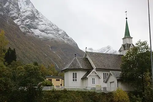 Bjørke Church (Norwegian: Bjørke kyrkje, also known as Storfjorden kyrkje) is a parish church of the Church of Norway in Volda Municipality in Møre og Romsdal county, Norway. It is located in the village of Bjørke at the innermost end of the Hjørundfjorden (which is also known as the Storfjorden). It is the church for the Storfjorden parish which is part of the Søre Sunnmøre prosti (deanery) in the Diocese of Møre. The white, wooden church was built in a long church design in 1920 using plans drawn up by the architect Mathias Brække. The church seats about 200 people.[1][2] The church was consecrated on 16 September 1920 by Bishop Peter Hognestad.[3]
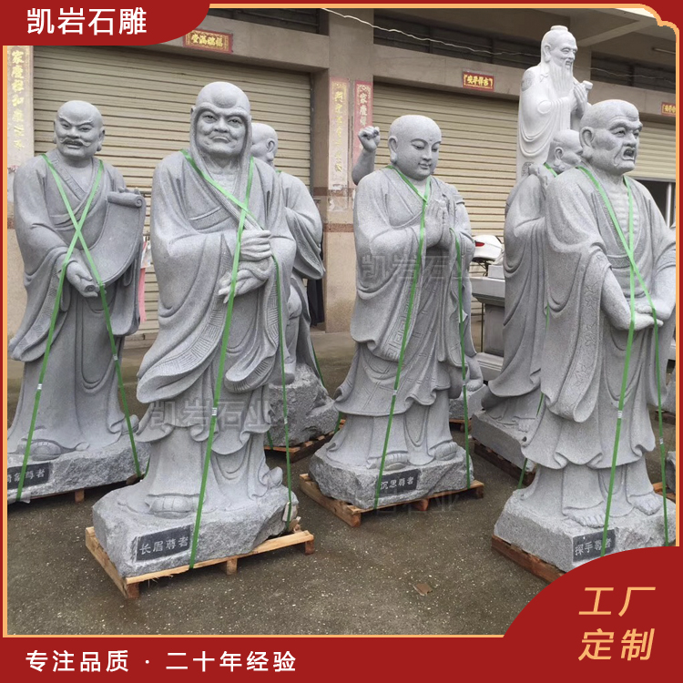 泉州凯岩石业制作的石雕十八罗汉,采用优质的石质精雕细琢而成,善用千年文化雕凿工艺的研究、传承、融合和发扬,使石雕作品承载艺术文化、体现更多社会价值。 【相关阅读】
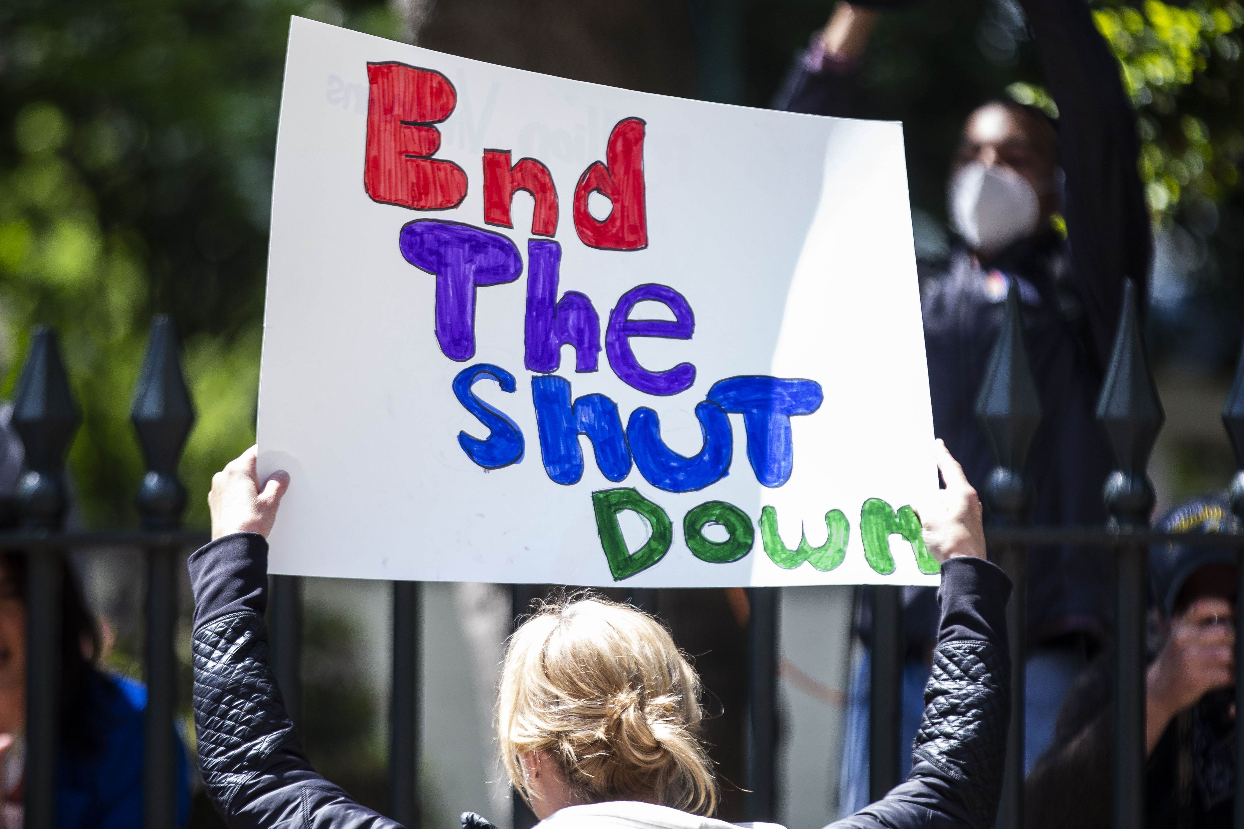 A demonstrator is seen holding a sign decrying the coronavirus lockdown in Virginia on April 16, 2020.
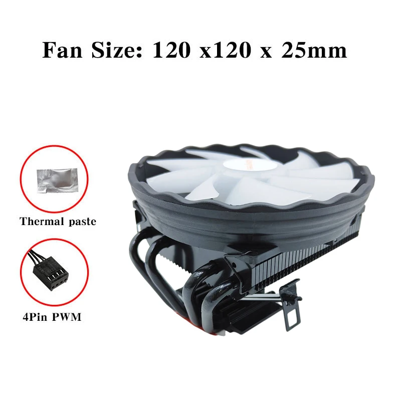 Enfriador de aire de CPU de 120MM, ventilador de radiador de PC sin luz PWM de 4 pines para Intel 2011 X79 X99 1700 1366 115X 1200 Ventilador
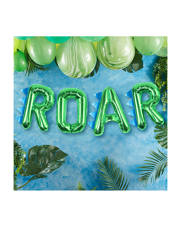 1 stk. Girlander med folieballonger som har dinosaurfarger og dinosaurdekorasjoner som tema. Ballongene er formet med teksten «Roar». Passer til alle typer bursdagsfester som dekor eller gave til bursdagsbarnet. Kan fylles med luft eller helium. Bruk gjerne en ballongvekt så den ikke flyr sin vei.
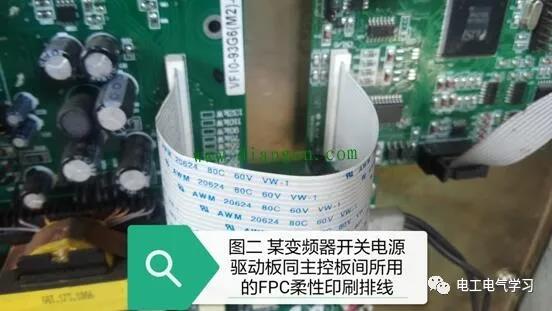 图二所示为某型变频器内部使用的另一种排线形式——FPC柔性印刷排线。这种形式的排线质地柔软,可以在相当程度上避免图一形式排线耐折性较差的弊端。但这种形式的排线也具有一个非常明显的缺点,即插接安装时要格外小心,务必确保排线能插接到位和平整。话说一位同行在检修完某变频器开关电源驱动板后(开关电源部分故障),将线路复位并插好含有FPC柔性印刷排线在内的各导线,可试机过程中却发现变频器操作执行动作虽正常。可变频器仅有频率变化而无输出电压的奇特故障现象!在经过近一个小时的反复检测后,最终的故障原因却非常让人意外——由于在插接开关电源驱动电路板同主控板间的FPC柔性印刷排线时,该同行不够细心致使排线一端发生了一定角度的倾斜,结果导致主控板发送到驱动部分开启六路PWM驱动光耦的总开启信号未能送达,继而造成上述故障现象发生!
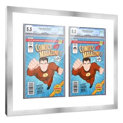 PosterPalooza | Comic Book Frame for 2 Graded Comics - Silver Wood with White Mat Comic Frame - 17x21
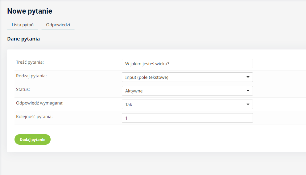 Po kliknięciu we wcześniej wymieniony przycisk przejdziemy do konfiguracji nowego pytania w formularzu rejestracyjnym, gdzie ustalimy treść pytania, rodzaj pola, status, kolejność w formularzu oraz to czy odpowiedź na to pytanie będzie wymagana.
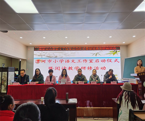 為進(jìn)一步加強(qiáng)漯河市小學(xué)語文名師工作室建設(shè),充分發(fā)揮名師工作室的引領(lǐng)輻射作用,12月2日,漯河市小學(xué)語文工作室啟動儀式暨閱讀教學(xué)研修活動在龍塔街道西南街小學(xué)舉行。漯河市基礎(chǔ)教研室副主任、教研員潘玲珂,各縣區(qū)教研室教研員及部分小學(xué)語文教師參與了工作室啟動儀式暨閱讀教學(xué)研修活動。活動在西小校長徐偉濤的致辭中拉開帷幕。
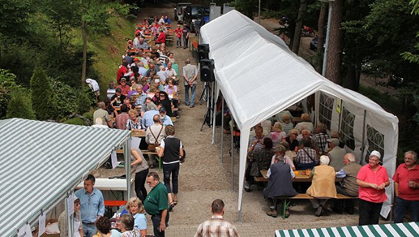 Ein großer Teil der Tischgarnituren im Freien war in Zelten untergebracht, so dass man für jedes Wetter gerüstet war. Um die Mittagszeit wurde es richtig eng, von allen Seiten strömten hungrige und durstige Wanderer herbei. Die MGVler hatten sich auf den Ansturm aber gut vorbereitet. Ob der Sinn mehr nach Kaffee und Kuchen oder aber nach deftiger Kost vom Grill stand, wieselflink wurden die Bestellungen aufgenommen und erledigt. Die volkstümliche Stimmungsmusik der kleinen Egerländer sorgte für gute Laune und Gemütlichkeit.
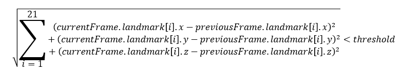 ตำแหน่งทั้ง 21 จุดของ frame ปัจจุบันจะถูกเปรียบเทียบกับ frame ก่อนหน้า ดังสมการ
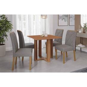 Conjunto: Mesa De Cozinha Flora Tampo Madeirado 95x95cm E 4 Cadeiras Fernanda Cinamomo - Carvalho/linho Grafite - Cimol
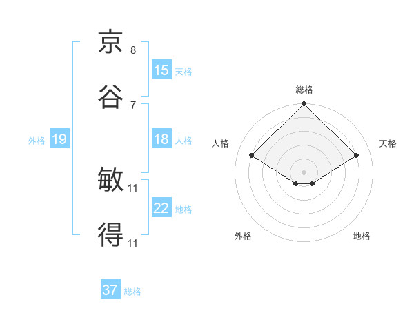 京谷 敏得さんの総格は37画の5点!
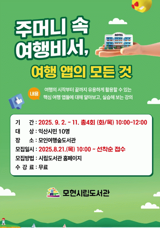 도서관은 최근 스마트폰 하나로 떠나는 여행이 확산되면서, 다양한 여행 앱을 효과적으로 활용하는 실용 교육의 필요성을 느끼고 이번 강좌를 기획했다.
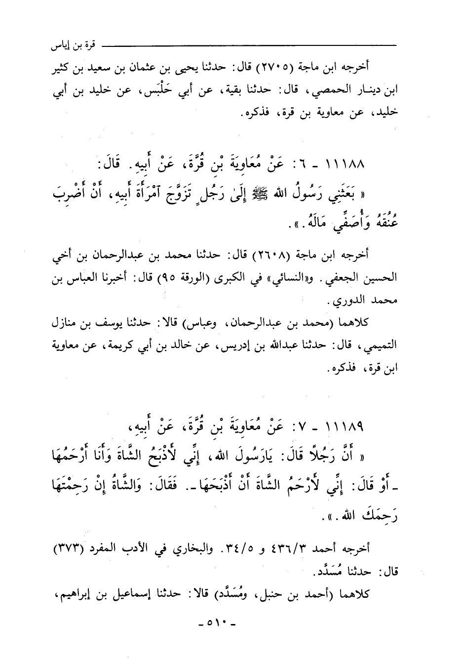 ١١١٨٨ - عَنْ مُعَاوِيَةَ بْنِ قُرَّةَ، عَنْ أَبِيهِ، قَالَ:
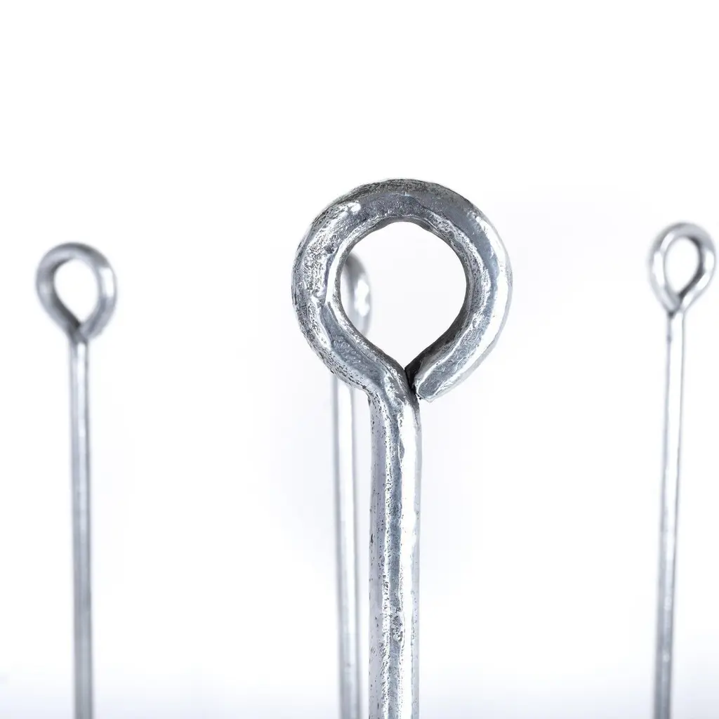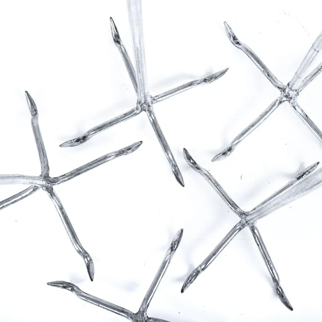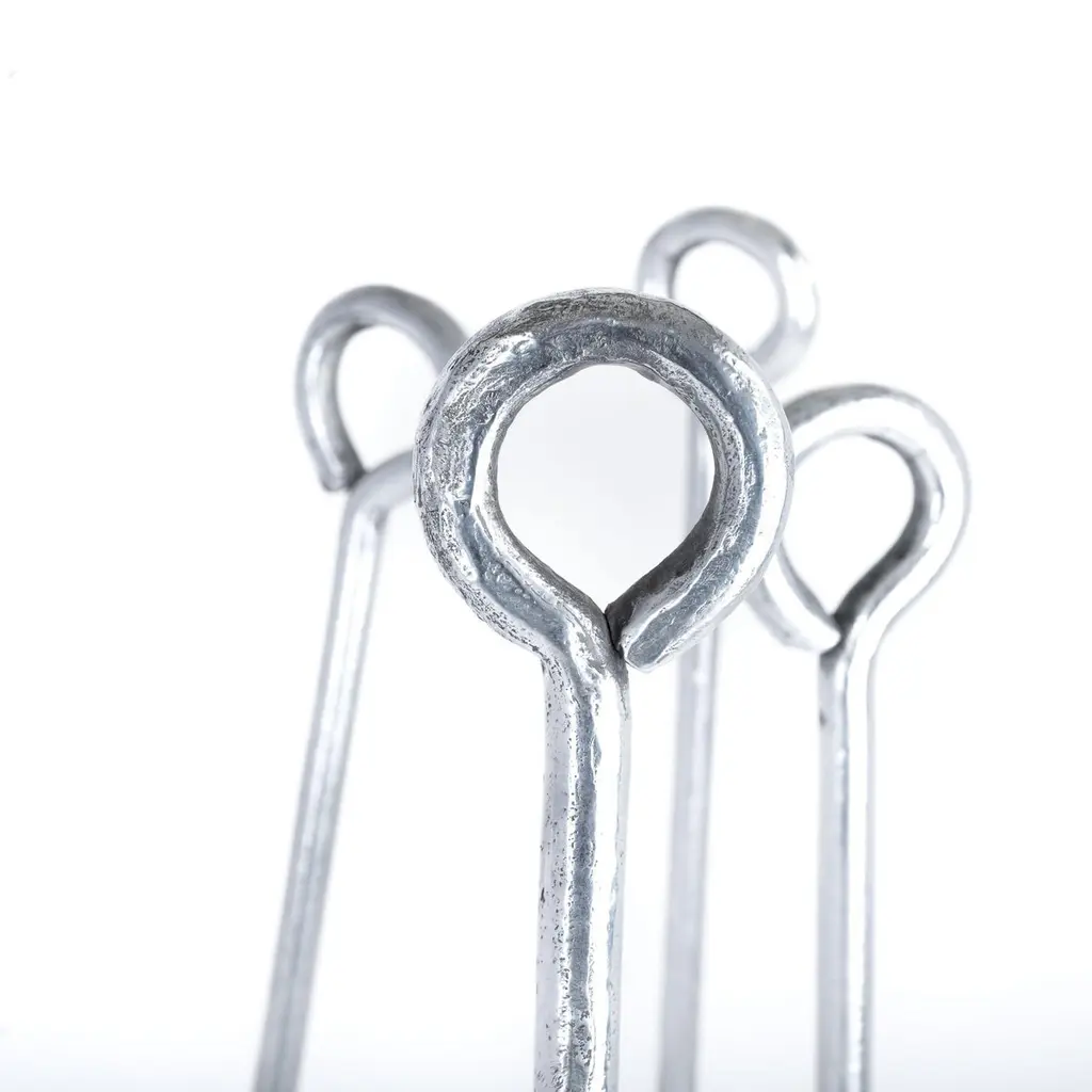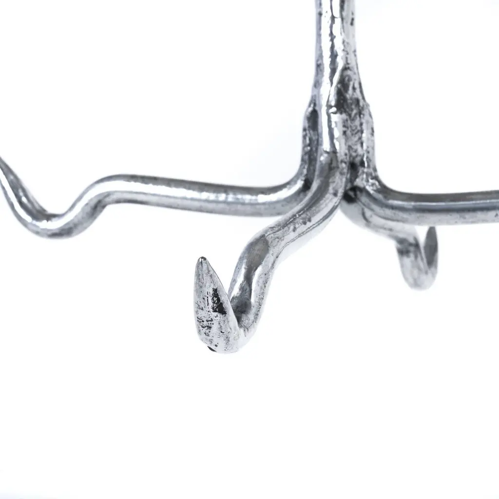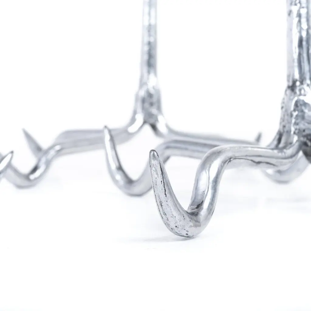 Huge reclaimed Slaughterhouse meat hooks15 Available priced per hook.XXL 4 way vintage meat hooks salvaged from a former slaughterhouse.British circa 1940.Fabulous decorative item which can be used as a feature to hang lighting and decorative objects and also a great window display item.Will fit easily to a rail made from regular 33.7mm galvanised tube and tube clamp fittings.Technical Details.Measures: Height Between 1300mm - 1600mmWidth Between 450mm - 600mmWeight 11 kgColour / Materials Polished SteelOur original vintage items are reclaimed from industrial & public settings and due to the nature of their original life have received wear and tear creating the wonderful individual character of our pieces.We have tried our upmost to offer a true reflection of the product you will receive through our product photography.
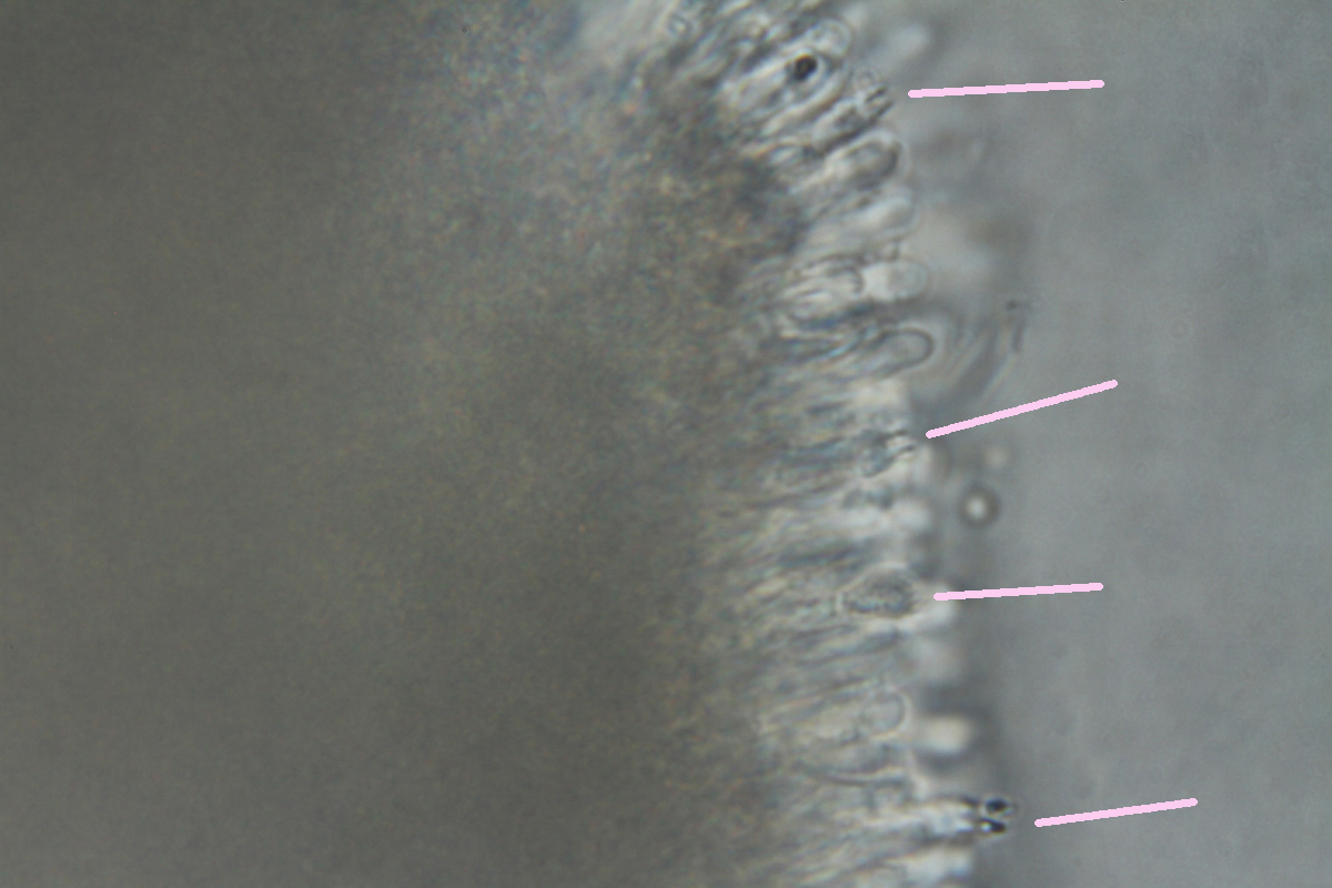 - les basides sont plus petites (au x100) que les deux-trois obs réalisées précédemment,
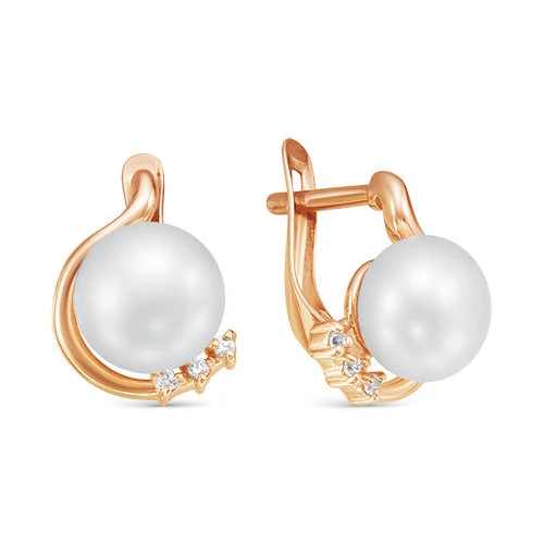 Серьги из красного золота с белыми речными жемчужинами 8,5-9 мм, (1419)
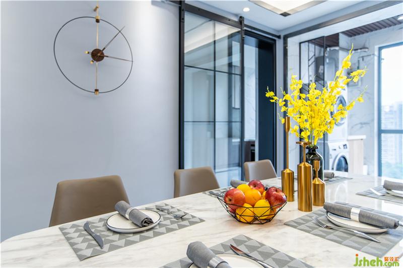 戶型改造上,重點(diǎn)是門廳,改造前由于是帶裝修的精裝房,過道兩側(cè)還帶有屏風(fēng),在一進(jìn)門的時(shí)候會(huì)有壓抑的感覺。在做設(shè)計(jì)改造的時(shí)候決定打掉了一小部分電視背景墻,由于衛(wèi)生間會(huì)對(duì)著大門,在風(fēng)水上是不好的,因此決定直接把墻變成木飾面裝飾墻,而衛(wèi)生門則改成隱形門,在功能上不變,但起到裝飾的作用,一進(jìn)門前廳給人的視覺也寬敞了不少。在主要的客餐廳以及陽臺(tái)空間區(qū)域中,也進(jìn)行了合理劃分,儲(chǔ)物空間合理放置。開放陽臺(tái)改造成封閉陽臺(tái),將原始生活陽臺(tái)和大陽臺(tái)打通,南北對(duì)流,大大增加采光及使用面積??蛷d設(shè)計(jì)了一個(gè)酒吧區(qū)域,業(yè)主夫婦二人熱愛酒文化,而且與進(jìn)門口處的鞋柜做成L型柜,解決了轉(zhuǎn)交位的缺陷;客餐廳一般是人們待著比較長時(shí)間的地方,改造后將大大增加了空間利用率。主要公共區(qū)域完全打通,獲得極致的室內(nèi)空間觀感。而本項(xiàng)目還有一個(gè)改造重點(diǎn),原本帶有三個(gè)衛(wèi)生間,但空間都很小,根據(jù)業(yè)主的需要,因此把主衛(wèi)及公衛(wèi)打通,變成一個(gè)大主衛(wèi),實(shí)用性增大,而且對(duì)門的臥室改成衣帽間,業(yè)主二人擁有屬于自己完完整整的私密空間,減少公共過道區(qū)域,使空間利用得更加極致。

□ □ □ □ □ □ □

◆ **Problem details**:
A word-for-word copy of the lines from the one with "Huge reclaimed Slaughterhouse" through the final line of the listing above is the whole answer, and it contains no pictures.

◆ **Exercise result**:
 Huge reclaimed Slaughterhouse meat hooks15 Available priced per hook.XXL 4 way vintage meat hooks salvaged from a former slaughterhouse.British circa 1940.Fabulous decorative item which can be used as a feature to hang lighting and decorative objects and also a great window display item.Will fit easily to a rail made from regular 33.7mm galvanised tube and tube clamp fittings.Technical Details.Measures: Height Between 1300mm - 1600mmWidth Between 450mm - 600mmWeight 11 kgColour / Materials Polished SteelOur original vintage items are reclaimed from industrial & public settings and due to the nature of their original life have received wear and tear creating the wonderful individual character of our pieces.We have tried our upmost to offer a true reflection of the product you will receive through our product photography.
 - les basides sont plus petites (au x100) que les deux-trois obs réalisées précédemment,
 Серьги из красного золота с белыми речными жемчужинами 8,5-9 мм, (1419)
 戶型改造上,重點(diǎn)是門廳,改造前由于是帶裝修的精裝房,過道兩側(cè)還帶有屏風(fēng),在一進(jìn)門的時(shí)候會(huì)有壓抑的感覺。在做設(shè)計(jì)改造的時(shí)候決定打掉了一小部分電視背景墻,由于衛(wèi)生間會(huì)對(duì)著大門,在風(fēng)水上是不好的,因此決定直接把墻變成木飾面裝飾墻,而衛(wèi)生門則改成隱形門,在功能上不變,但起到裝飾的作用,一進(jìn)門前廳給人的視覺也寬敞了不少。在主要的客餐廳以及陽臺(tái)空間區(qū)域中,也進(jìn)行了合理劃分,儲(chǔ)物空間合理放置。開放陽臺(tái)改造成封閉陽臺(tái),將原始生活陽臺(tái)和大陽臺(tái)打通,南北對(duì)流,大大增加采光及使用面積??蛷d設(shè)計(jì)了一個(gè)酒吧區(qū)域,業(yè)主夫婦二人熱愛酒文化,而且與進(jìn)門口處的鞋柜做成L型柜,解決了轉(zhuǎn)交位的缺陷;客餐廳一般是人們待著比較長時(shí)間的地方,改造后將大大增加了空間利用率。主要公共區(qū)域完全打通,獲得極致的室內(nèi)空間觀感。而本項(xiàng)目還有一個(gè)改造重點(diǎn),原本帶有三個(gè)衛(wèi)生間,但空間都很小,根據(jù)業(yè)主的需要,因此把主衛(wèi)及公衛(wèi)打通,變成一個(gè)大主衛(wèi),實(shí)用性增大,而且對(duì)門的臥室改成衣帽間,業(yè)主二人擁有屬于自己完完整整的私密空間,減少公共過道區(qū)域,使空間利用得更加極致。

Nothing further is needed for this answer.